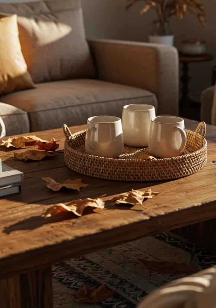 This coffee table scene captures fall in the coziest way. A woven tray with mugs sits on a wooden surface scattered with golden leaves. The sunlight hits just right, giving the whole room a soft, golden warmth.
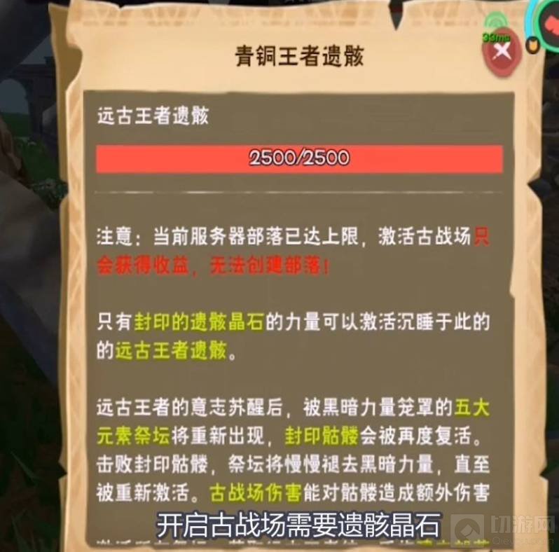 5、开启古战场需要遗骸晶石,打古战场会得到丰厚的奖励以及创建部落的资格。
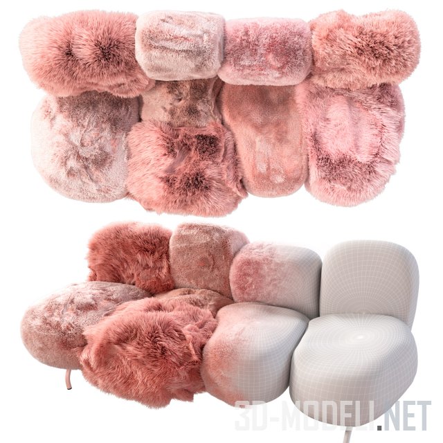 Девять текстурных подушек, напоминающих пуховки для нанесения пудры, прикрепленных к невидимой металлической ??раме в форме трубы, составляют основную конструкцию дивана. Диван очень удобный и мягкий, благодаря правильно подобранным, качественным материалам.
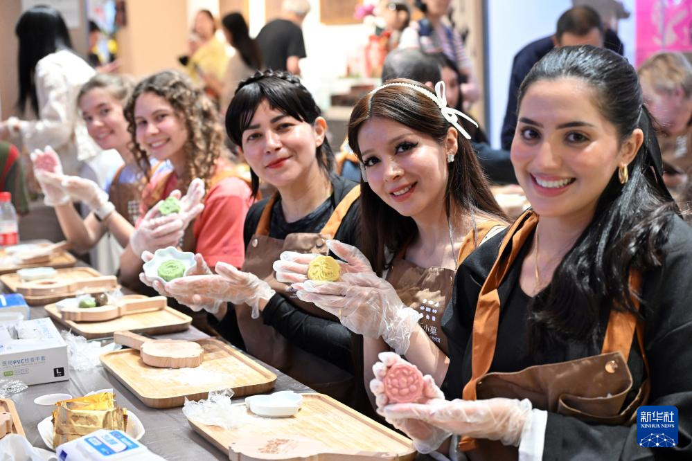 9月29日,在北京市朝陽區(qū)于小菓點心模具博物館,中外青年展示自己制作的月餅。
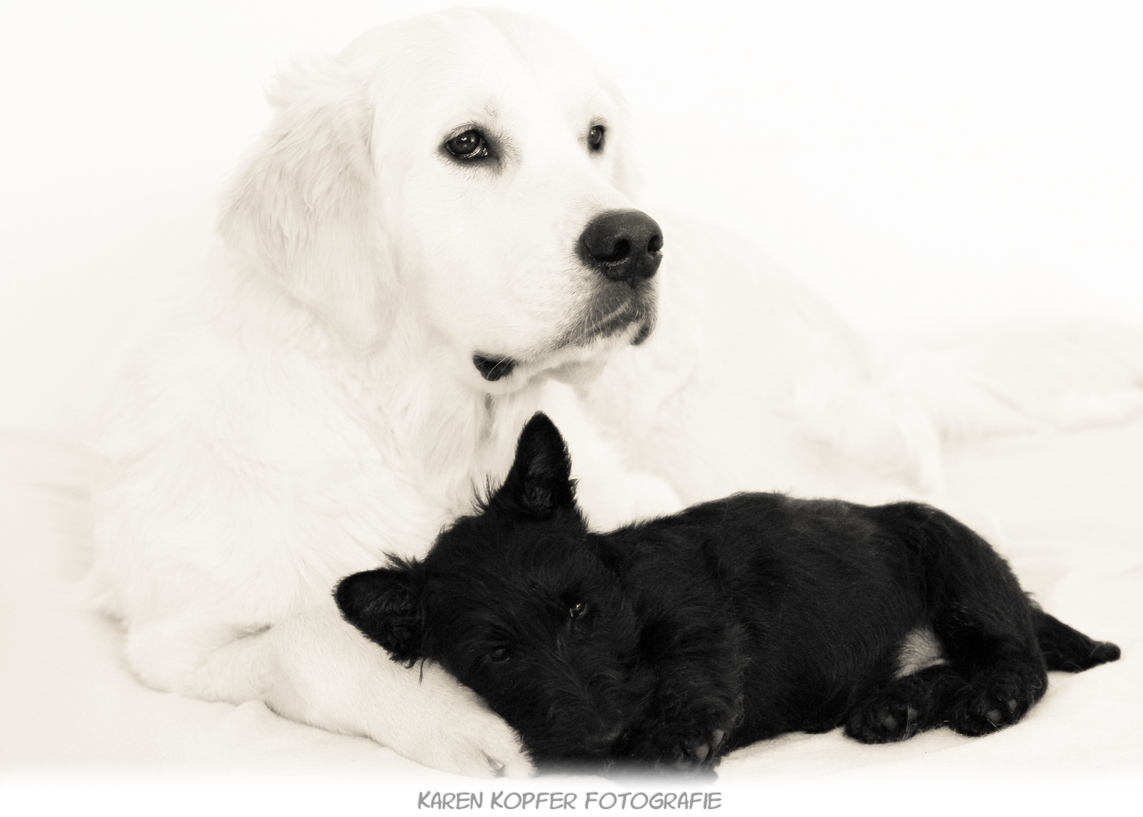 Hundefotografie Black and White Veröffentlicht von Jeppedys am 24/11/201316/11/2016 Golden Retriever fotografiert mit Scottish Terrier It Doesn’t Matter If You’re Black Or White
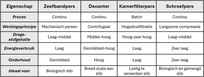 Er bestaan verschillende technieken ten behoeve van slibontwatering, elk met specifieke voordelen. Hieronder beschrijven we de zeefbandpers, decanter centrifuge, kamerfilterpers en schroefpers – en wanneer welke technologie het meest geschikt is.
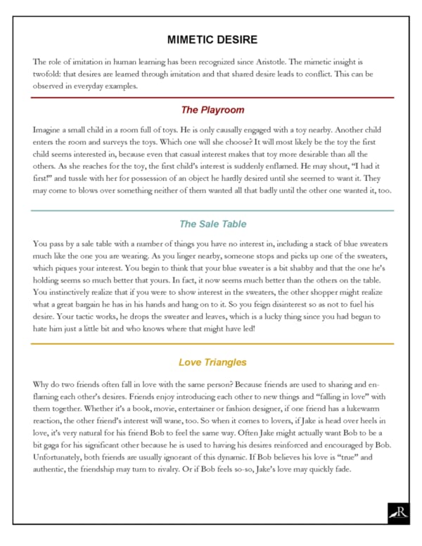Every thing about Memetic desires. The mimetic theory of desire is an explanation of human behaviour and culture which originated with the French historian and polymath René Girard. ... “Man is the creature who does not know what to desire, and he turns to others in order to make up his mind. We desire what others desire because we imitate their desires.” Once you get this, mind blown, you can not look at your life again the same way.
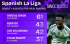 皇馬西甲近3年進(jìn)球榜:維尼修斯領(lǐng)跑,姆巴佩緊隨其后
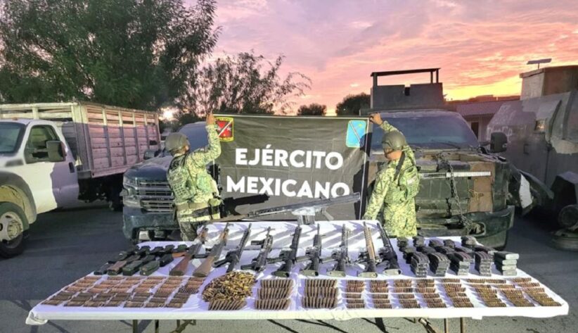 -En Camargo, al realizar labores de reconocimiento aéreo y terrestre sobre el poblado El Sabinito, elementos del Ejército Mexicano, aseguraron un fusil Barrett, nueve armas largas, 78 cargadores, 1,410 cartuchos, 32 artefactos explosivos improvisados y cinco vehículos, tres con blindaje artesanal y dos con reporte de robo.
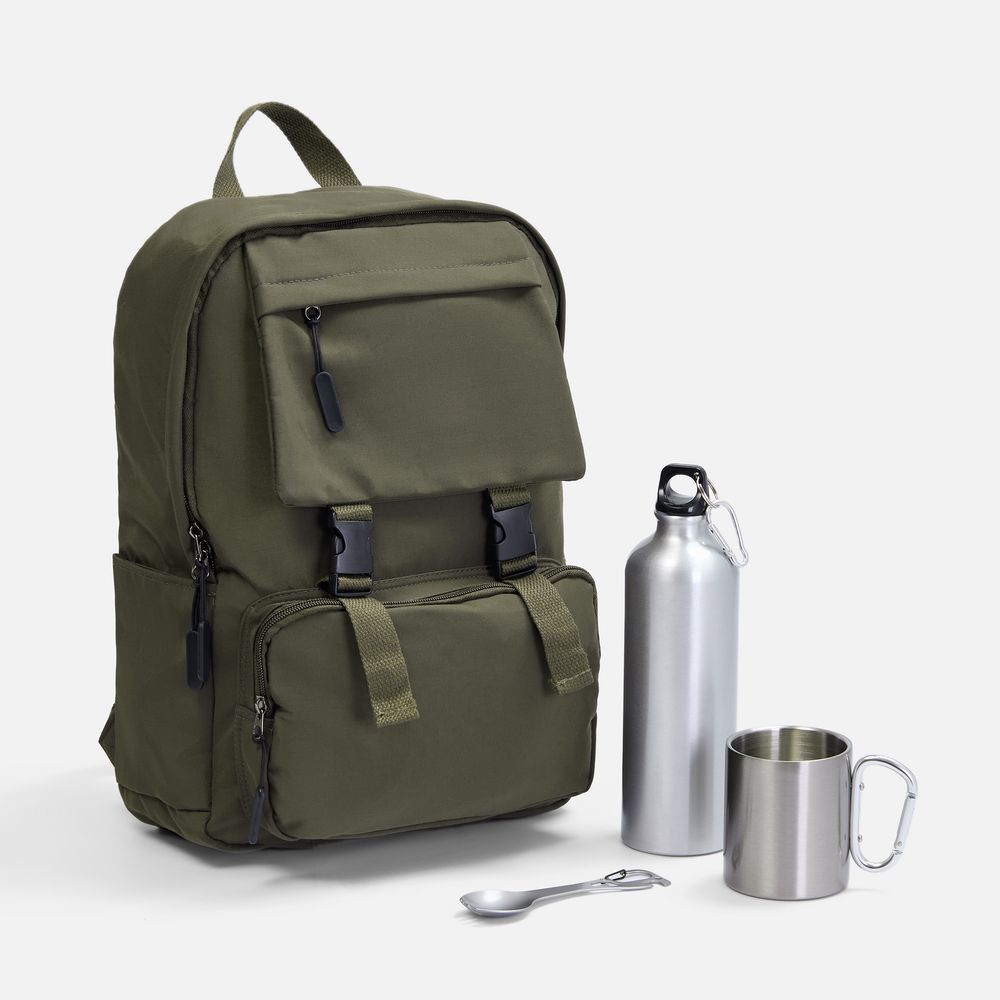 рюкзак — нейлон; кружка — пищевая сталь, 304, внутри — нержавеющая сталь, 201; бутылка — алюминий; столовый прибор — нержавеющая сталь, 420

- - - - -

• [Task directions]:
Restate the data word for word from its first line through the line with "Девять текстурных подушек, напоминающих", leaving out any picture along the way.

• [Written solution]:
 This coffee table scene captures fall in the coziest way. A woven tray with mugs sits on a wooden surface scattered with golden leaves. The sunlight hits just right, giving the whole room a soft, golden warmth.
 5、开启古战场需要遗骸晶石,打古战场会得到丰厚的奖励以及创建部落的资格。
 Девять текстурных подушек, напоминающих пуховки для нанесения пудры, прикрепленных к невидимой металлической ??раме в форме трубы, составляют основную конструкцию дивана. Диван очень удобный и мягкий, благодаря правильно подобранным, качественным материалам.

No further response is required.